Look below for the line containing "Lovely Sterling collection" and the line containing "Køkkenet er udstyret", then set down both and every line between them exactly, without pictures.

RECORDS FOR THIS EXERCISE =
┌────────
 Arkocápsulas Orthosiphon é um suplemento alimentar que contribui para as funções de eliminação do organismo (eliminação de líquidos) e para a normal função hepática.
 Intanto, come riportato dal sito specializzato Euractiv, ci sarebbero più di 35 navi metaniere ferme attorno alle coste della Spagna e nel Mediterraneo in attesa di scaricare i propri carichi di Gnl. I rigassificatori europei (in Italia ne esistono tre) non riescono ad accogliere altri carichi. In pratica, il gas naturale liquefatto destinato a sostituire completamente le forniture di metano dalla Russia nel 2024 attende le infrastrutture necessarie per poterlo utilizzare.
└────────
┌────────
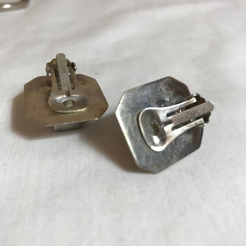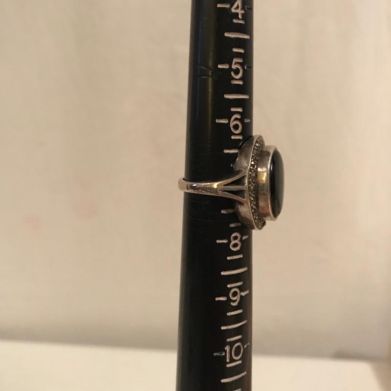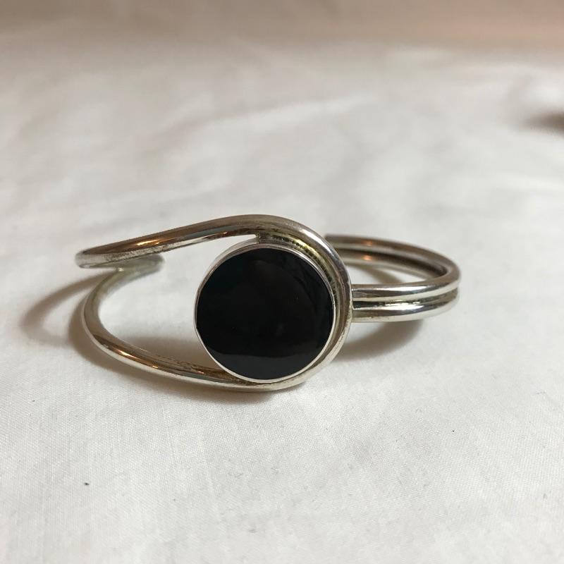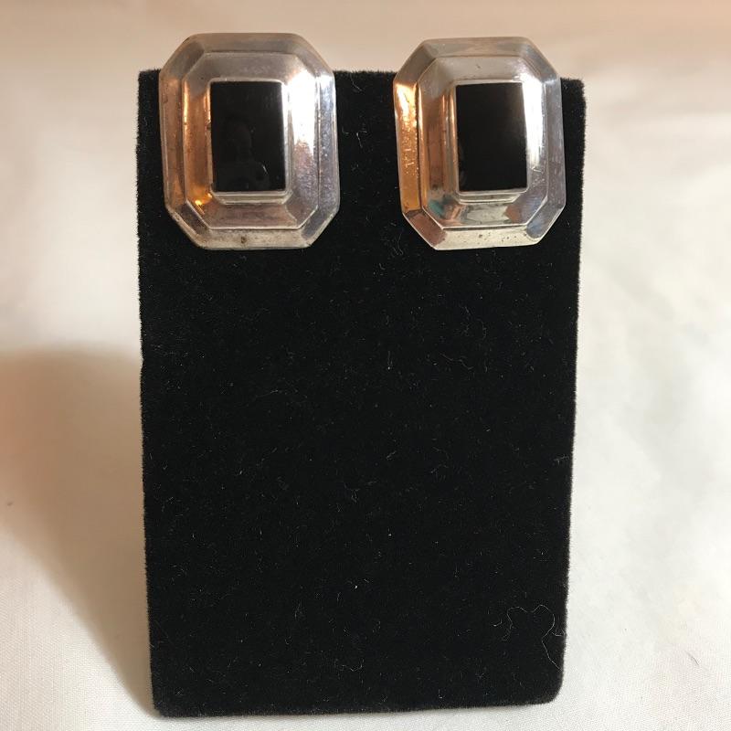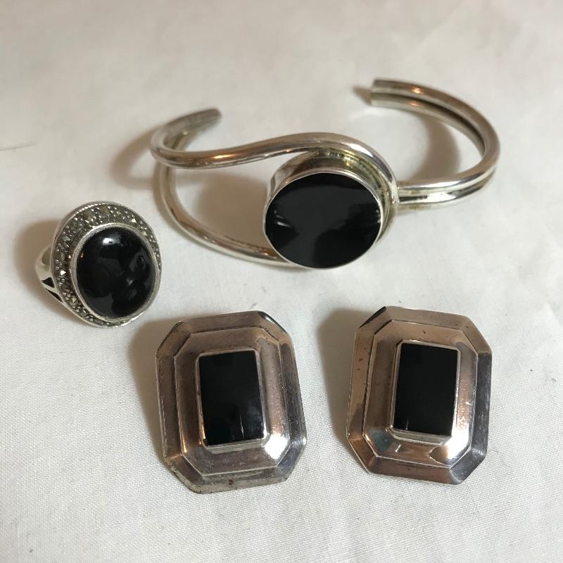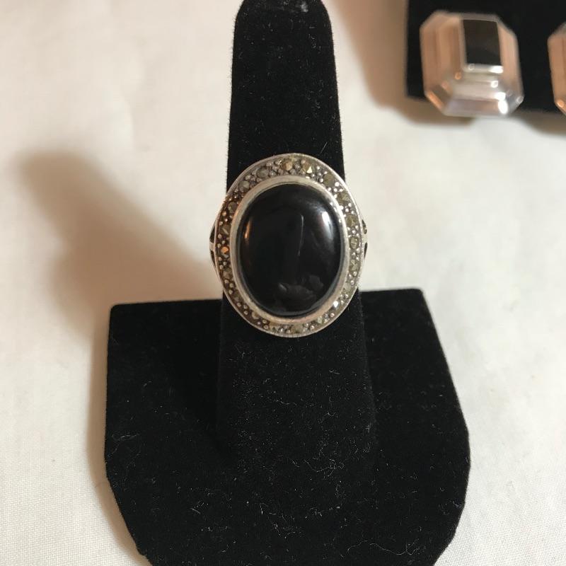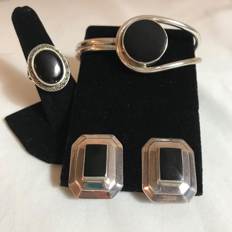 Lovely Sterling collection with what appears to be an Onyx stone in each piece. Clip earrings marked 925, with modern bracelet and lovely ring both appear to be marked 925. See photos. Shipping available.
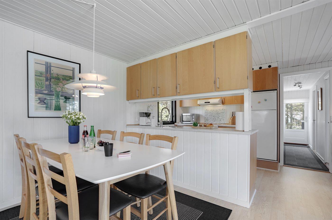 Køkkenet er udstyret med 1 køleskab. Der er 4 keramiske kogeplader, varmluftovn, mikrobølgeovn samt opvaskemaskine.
└────────
ANSWER FOR THE TASK =
 Lovely Sterling collection with what appears to be an Onyx stone in each piece. Clip earrings marked 925, with modern bracelet and lovely ring both appear to be marked 925. See photos. Shipping available.
 Køkkenet er udstyret med 1 køleskab. Der er 4 keramiske kogeplader, varmluftovn, mikrobølgeovn samt opvaskemaskine.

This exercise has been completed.